*DATA PROVIDED:*
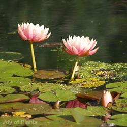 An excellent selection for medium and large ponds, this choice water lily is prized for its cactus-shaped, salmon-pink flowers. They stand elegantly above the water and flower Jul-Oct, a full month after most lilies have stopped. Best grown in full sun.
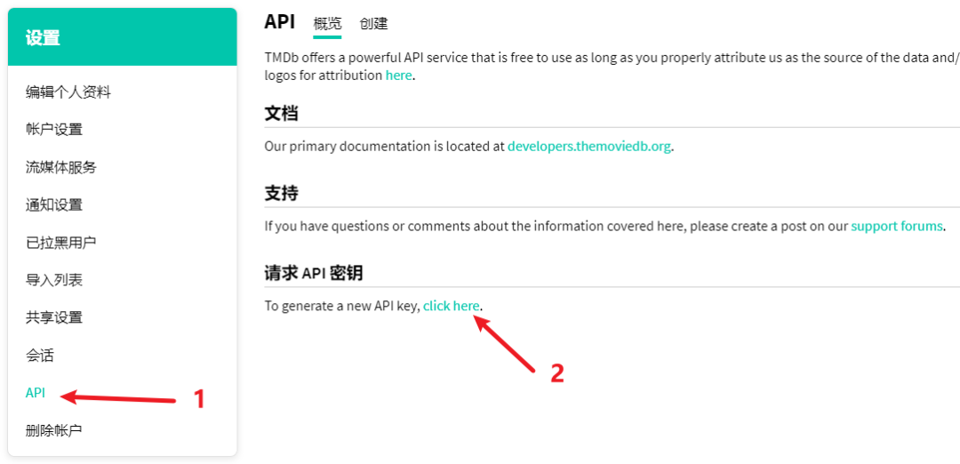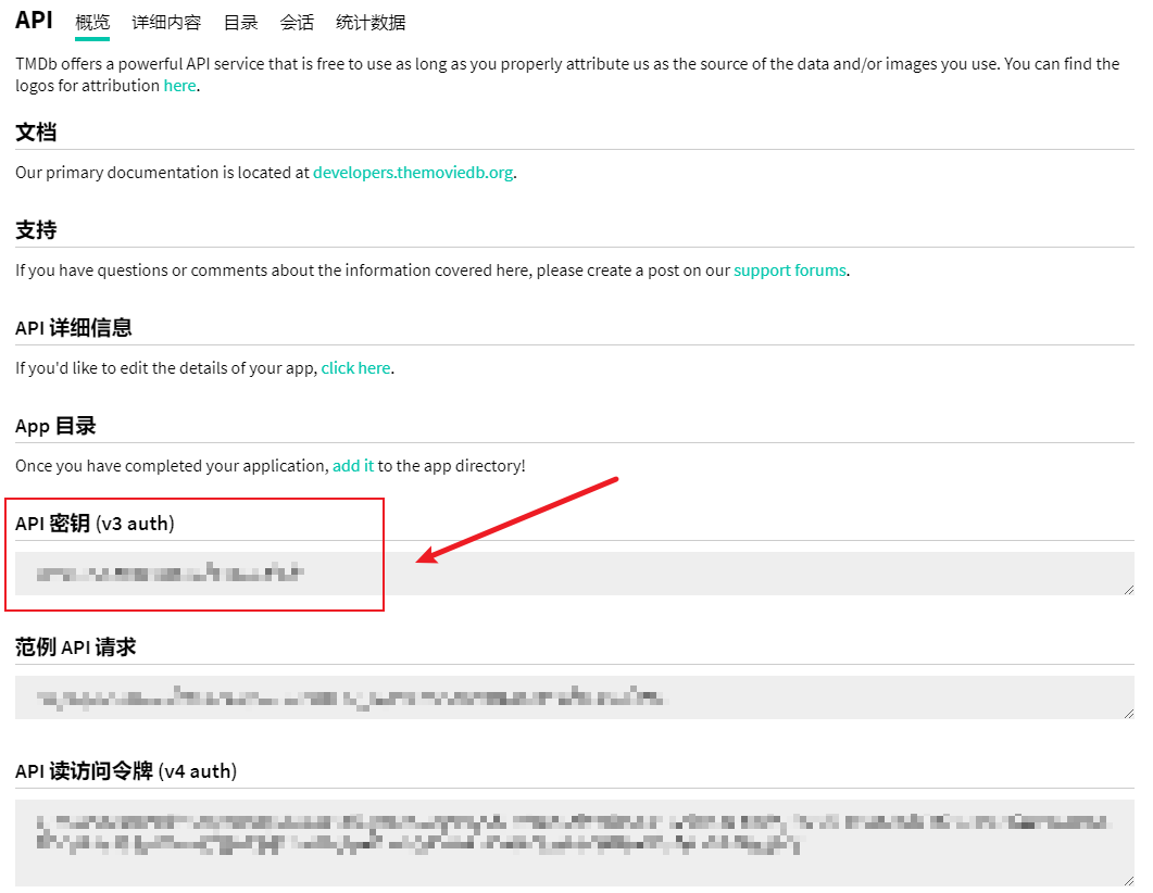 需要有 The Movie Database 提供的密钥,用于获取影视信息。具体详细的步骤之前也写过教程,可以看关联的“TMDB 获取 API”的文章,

* * *

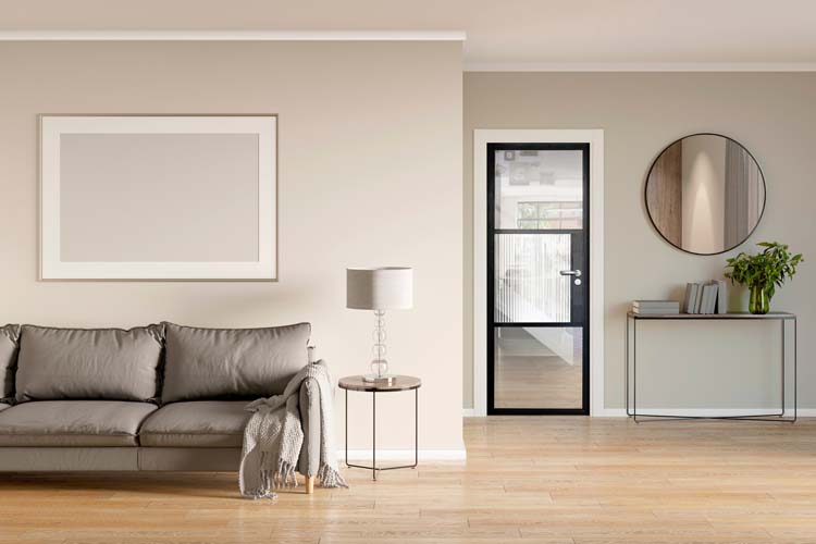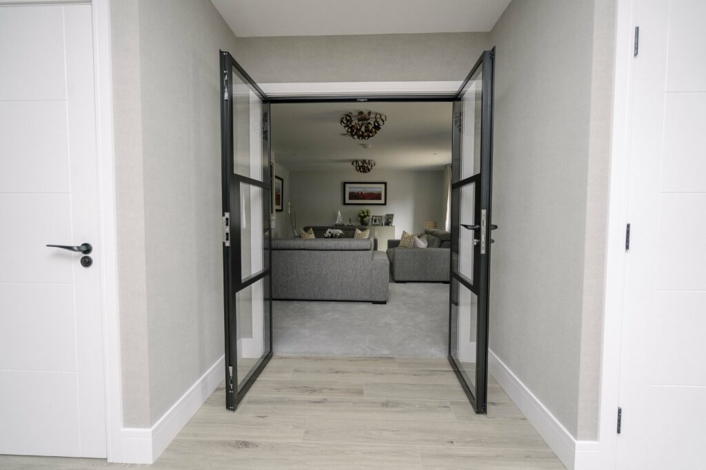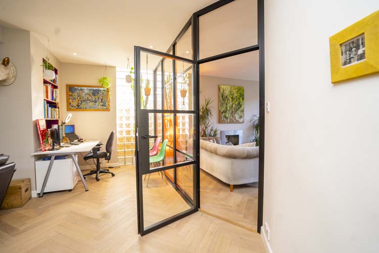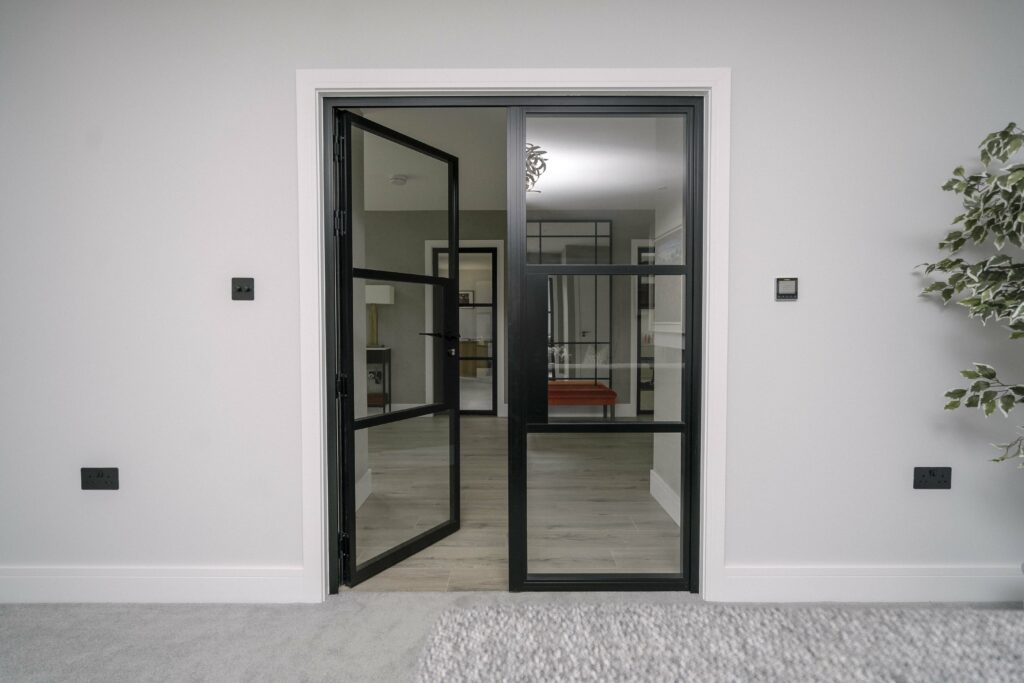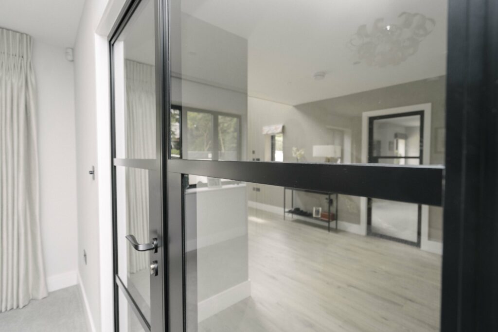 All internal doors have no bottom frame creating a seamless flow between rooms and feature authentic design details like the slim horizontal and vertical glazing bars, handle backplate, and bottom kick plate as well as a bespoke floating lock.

* * *

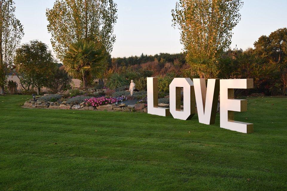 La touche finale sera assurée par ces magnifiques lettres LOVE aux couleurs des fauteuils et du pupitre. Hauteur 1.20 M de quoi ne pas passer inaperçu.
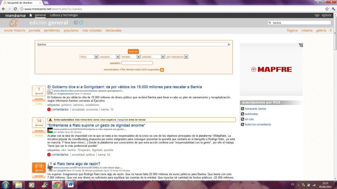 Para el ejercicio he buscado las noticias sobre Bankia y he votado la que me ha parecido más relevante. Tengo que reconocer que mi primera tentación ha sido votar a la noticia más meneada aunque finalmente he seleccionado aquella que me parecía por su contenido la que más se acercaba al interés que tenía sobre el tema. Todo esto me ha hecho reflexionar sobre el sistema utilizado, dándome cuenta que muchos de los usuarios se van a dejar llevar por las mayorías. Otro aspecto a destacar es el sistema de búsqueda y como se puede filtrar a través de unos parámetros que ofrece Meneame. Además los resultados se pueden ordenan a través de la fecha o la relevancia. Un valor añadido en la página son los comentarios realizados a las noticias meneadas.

*EXERCISE REQUIREMENTS:* From the line holding "La touche finale" to the line holding "Para el ejercicio", both included, retype the entries above exactly and drop the pictures.

*EXERCISE SOLUTION:*
 La touche finale sera assurée par ces magnifiques lettres LOVE aux couleurs des fauteuils et du pupitre. Hauteur 1.20 M de quoi ne pas passer inaperçu.
 Para el ejercicio he buscado las noticias sobre Bankia y he votado la que me ha parecido más relevante. Tengo que reconocer que mi primera tentación ha sido votar a la noticia más meneada aunque finalmente he seleccionado aquella que me parecía por su contenido la que más se acercaba al interés que tenía sobre el tema. Todo esto me ha hecho reflexionar sobre el sistema utilizado, dándome cuenta que muchos de los usuarios se van a dejar llevar por las mayorías. Otro aspecto a destacar es el sistema de búsqueda y como se puede filtrar a través de unos parámetros que ofrece Meneame. Además los resultados se pueden ordenan a través de la fecha o la relevancia. Un valor añadido en la página son los comentarios realizados a las noticias meneadas.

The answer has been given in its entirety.